Date of Award


Document Type


Degree Name

Doctor of Education (EdD)


School of Education

First Advisor

Terry Huffman, Ph.D.

Second Advisor

Scot Headley, Ph.D.

Third Advisor

Gary Sehorn, Ed.D.


This qualitative study examined the perceptions and lived experiences of four successful online credit recovery students in a rural high school in northwestern Oregon. Each of the students had failed at least one high school course in a traditional face-to-face setting and subsequently enrolled in and passed at least one equivalent course in an online credit recovery environment.
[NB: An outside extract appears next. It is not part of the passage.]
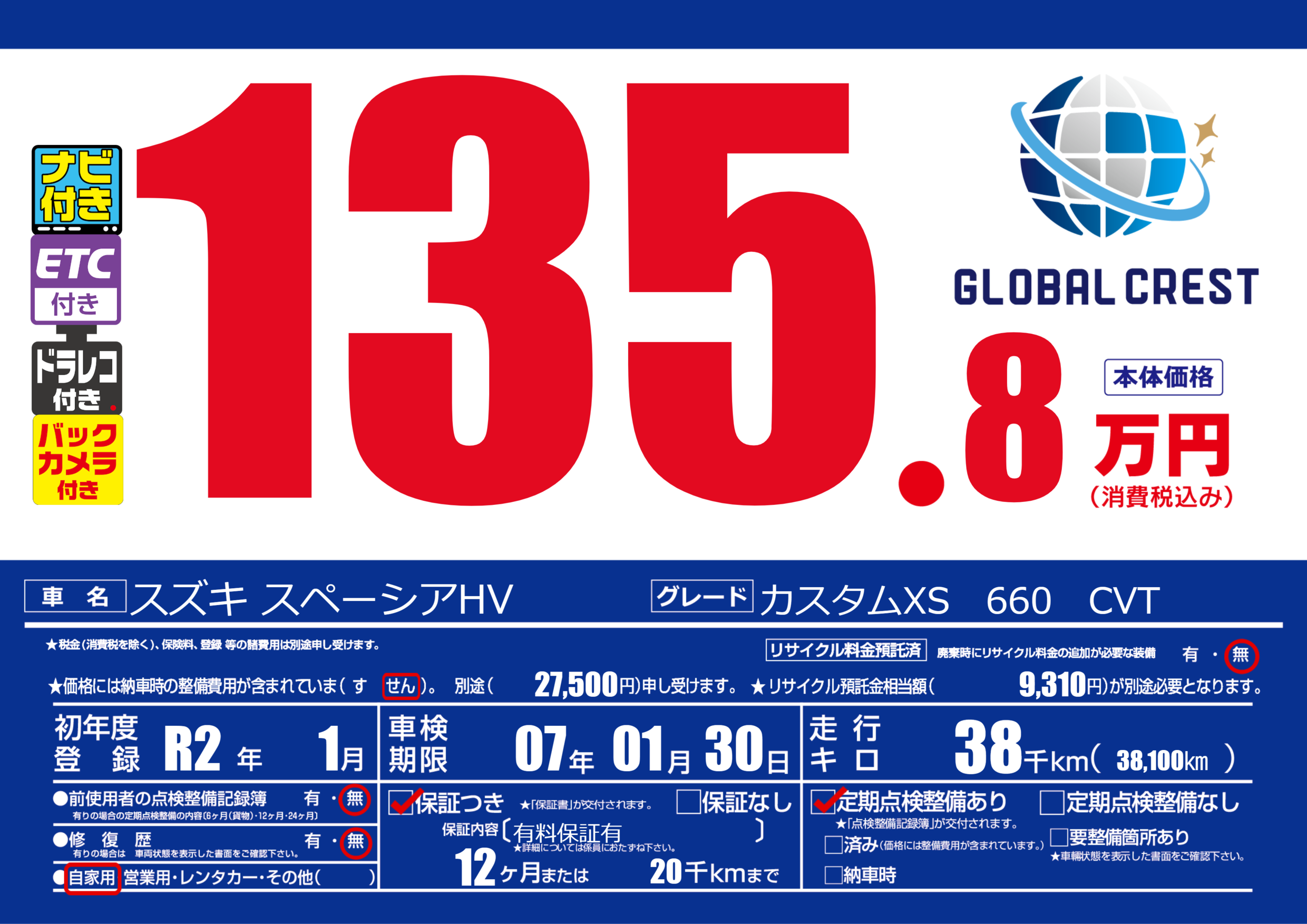 | 走行キロ | 3.8万km | 初年度登録 | R2年1月 |

Personal interviews were utilized to document the students’ perspectives concerning their sense of community belongingness, motivation, and the effectiveness of their online credit recovery course design and delivery.

The analysis of the data identified five main themes: (a) an in-person teacher/facilitator is an important factor in online credit recovery, (b) graduation is a primary motivation to keep going in virtual credit recovery courses, (c) fewer distractions from peers in virtual credit recovery helped students’ course progression, (d) constant pace and progress visibility had an impact on academic motivation, and (e) the support of personal connections is important for online credit recovery students as they progress academically. This study suggests that the support of a variety of stakeholders, a caring and engaged course facilitator/teacher, healthy peer relationships, individually tailored pace and progress data, and a focus on graduation can be crucial components of the recipe for academic success in virtual credit recovery courses.